Could you copy exactly the lines below from the one with "薩拉赫也通過社媒曬出了自己手" to the one with "- 2 фонтана", inclusive, leaving out any pictures?

━━ RECORDS FOR THE TASK

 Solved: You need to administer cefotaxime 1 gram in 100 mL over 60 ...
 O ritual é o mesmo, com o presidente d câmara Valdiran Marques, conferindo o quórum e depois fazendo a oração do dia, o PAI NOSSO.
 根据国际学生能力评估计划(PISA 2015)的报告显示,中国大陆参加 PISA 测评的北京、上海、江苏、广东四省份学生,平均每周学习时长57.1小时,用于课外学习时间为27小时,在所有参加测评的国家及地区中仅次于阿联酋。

━━━━
━━ RECORDS FOR THE TASK

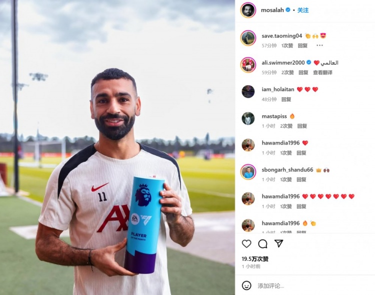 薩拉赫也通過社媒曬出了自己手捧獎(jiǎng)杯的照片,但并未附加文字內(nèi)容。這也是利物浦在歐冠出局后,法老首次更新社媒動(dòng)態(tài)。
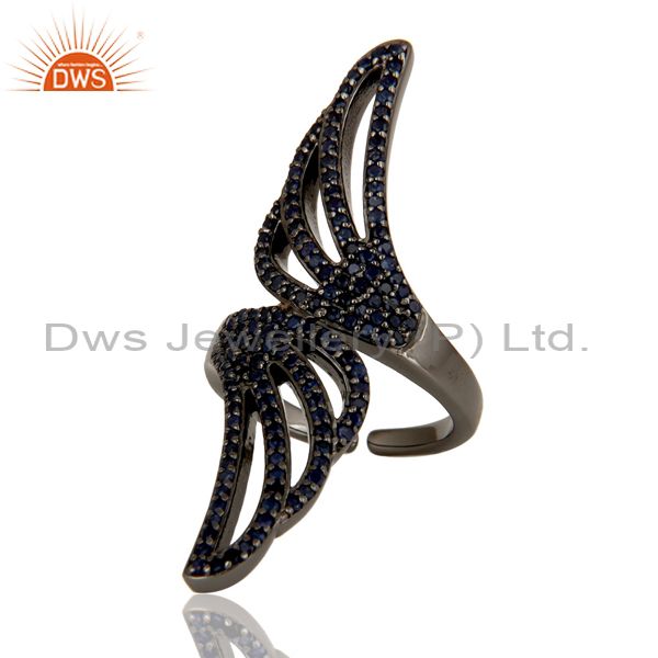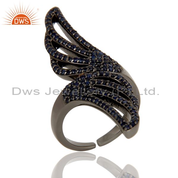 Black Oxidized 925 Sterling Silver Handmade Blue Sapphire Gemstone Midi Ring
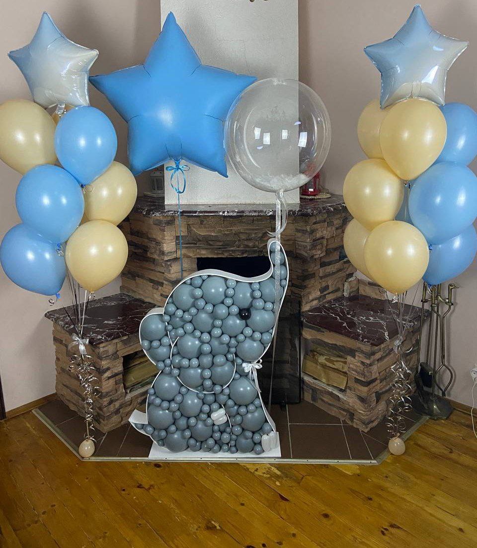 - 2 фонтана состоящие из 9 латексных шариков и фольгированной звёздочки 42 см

━━━━
━━ RECORDS FOR THE TASK

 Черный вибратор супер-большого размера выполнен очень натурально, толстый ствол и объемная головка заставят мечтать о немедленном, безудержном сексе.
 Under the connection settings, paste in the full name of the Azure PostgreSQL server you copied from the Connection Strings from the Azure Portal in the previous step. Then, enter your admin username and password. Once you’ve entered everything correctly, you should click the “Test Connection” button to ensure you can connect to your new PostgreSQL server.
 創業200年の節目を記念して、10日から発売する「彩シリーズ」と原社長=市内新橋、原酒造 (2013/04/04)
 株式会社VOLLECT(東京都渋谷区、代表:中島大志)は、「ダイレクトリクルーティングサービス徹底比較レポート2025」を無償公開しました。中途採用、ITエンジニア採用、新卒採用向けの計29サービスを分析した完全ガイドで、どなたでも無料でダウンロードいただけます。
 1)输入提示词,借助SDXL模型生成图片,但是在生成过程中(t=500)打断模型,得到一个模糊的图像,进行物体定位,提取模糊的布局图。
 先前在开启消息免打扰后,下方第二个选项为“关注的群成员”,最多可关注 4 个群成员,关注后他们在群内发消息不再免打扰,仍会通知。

━━━━

RESULT OF THE TASK:
 薩拉赫也通過社媒曬出了自己手捧獎(jiǎng)杯的照片,但并未附加文字內(nèi)容。這也是利物浦在歐冠出局后,法老首次更新社媒動(dòng)態(tài)。
 Black Oxidized 925 Sterling Silver Handmade Blue Sapphire Gemstone Midi Ring
 - 2 фонтана состоящие из 9 латексных шариков и фольгированной звёздочки 42 см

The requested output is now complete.